Conference Wi-Fi and hostile networks. When the slate connects to a network I do not own, I assume the network is hostile. ufw default-deny inbound on every interface. USBGuard default-deny on the front-panel USB-C ports once the desktop is up. SSH off by default. No mDNS. No Bluetooth pairing modes left open. The local control panel listens only on 127.0.0.1 behind a self-signed mTLS pair with the client certificate installed in my own browser. The slate exposes nothing to a network I do not trust.

Self-jamming and accidental transmission. HackRF One is a transmitter as well as a receiver. Transmitting on most non-licence-exempt frequencies without authorisation is an offence in the UK under the Wireless Telegraphy Act 2006. The systemd target for the HackRF holds transmit-disable until I switch to a TX-capable mode through the panel and confirm with a typed phrase. Wi-Fi monitor mode and packet injection through the Alfa adapter are gated the same way. The point is not that I cannot transmit. The point is that I cannot transmit by accident, and I cannot transmit because a script somewhere thought it would be helpful.

What I am explicitly not protecting against

This is the harder list, and the more important one.

A targeted nation-state adversary with prior access to my supply chain. If a state-aligned actor decided to put effort into me specifically and had a year to do it, they would succeed. The slate does not raise the cost of that attack to the point of futility; nothing I can build would. Pretending otherwise would push me into security theatre that compromises usability without buying anything real. I am protecting against the opportunistic and the broad-net, not the bespoke.

Compelled disclosure in a jurisdiction where I am detained. If a court I am physically subject to orders me to decrypt and the key is reachable, I will decrypt. The clevis/tang split is for situations where the key is physically elsewhere; it is not a refusal of due process.

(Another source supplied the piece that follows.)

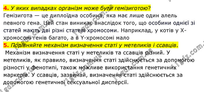4. У яких випадках організм може бути гемізиготою? Гемізигота — це диплоїдна особина, яка має лише один алель певного гена. Цей стан виникає внаслідок того, що особини однієї зі статей мають дві різні статеві хромосоми. Наприклад, у котів у Х-хромосомі генів багато, а в Y-хромосомі мало 5. Порівняйте механізм визначення статі у метеликів і ссавців. Механізм визначення статі у метеликів та ссавців різний. У метеликів, як правило, визначення статі здійснюється за допомогою різності у фенотипі, також можливе використання генетичних маркерів. У ссавців, зазвичай, визначення статі здійснюється за допомогою генетичної сексуальної дисперсії.
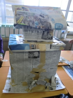 5年生最後の図画工作科の授業として、新聞を使った造形活動を行いました。班でけんかしながらも協力してどの班も立派な作品が完成しました。今までの図画工作と違って自由に作品を作れたことで、子どもたちも楽しめたようです。

Coercion against me personally. If someone is in a position to coerce me, the slate is the wrong layer of the problem. Personal safety is not a hardware question.

Network-level attribution against my service provider. I use a normal UK ISP and a normal UK mobile carrier. They know which sites I visit and when. Building a portable computer does not change that. Tor is installed for situations where it is appropriate; it is not the default.

My own future stupidity. The slate cannot save me from the moment I decide it would be fine to plug the USB stick a friendly stranger handed me into the front-panel port "just to look at the photos". USBGuard makes that mistake survivable but not impossible. The threat model assumes I am a fallible operator, because I am.

What writing it down changed

Three things, in increasing order of usefulness.

The list of things I am not protecting against turned out to be longer than the list of things I am. That is correct, and worth admitting. A threat model that pretends to cover everything covers nothing.

Several design decisions that had felt arbitrary made sense once I had to justify them in sentences. The clevis/tang fob was not invented during this exercise; it was always there. Putting RIPA section 49 in the legal section of the design doc forced me to ask what do I want to be true on the day this matters, and the answer reshaped the boot sequence.

The discipline transfers. Last week I sat in a board meeting where someone asked the CISO what the firm was protecting against. The CISO had a framework slide. I noticed myself wanting the version where someone had written it in sentences and admitted what was out of scope.

What is next

Post three is the supply chain — where I have decided to trust, where I have decided not to, and why I am ending up drawing a circuit board myself instead of buying one.

The slate itself is the prop. The argument is the thing.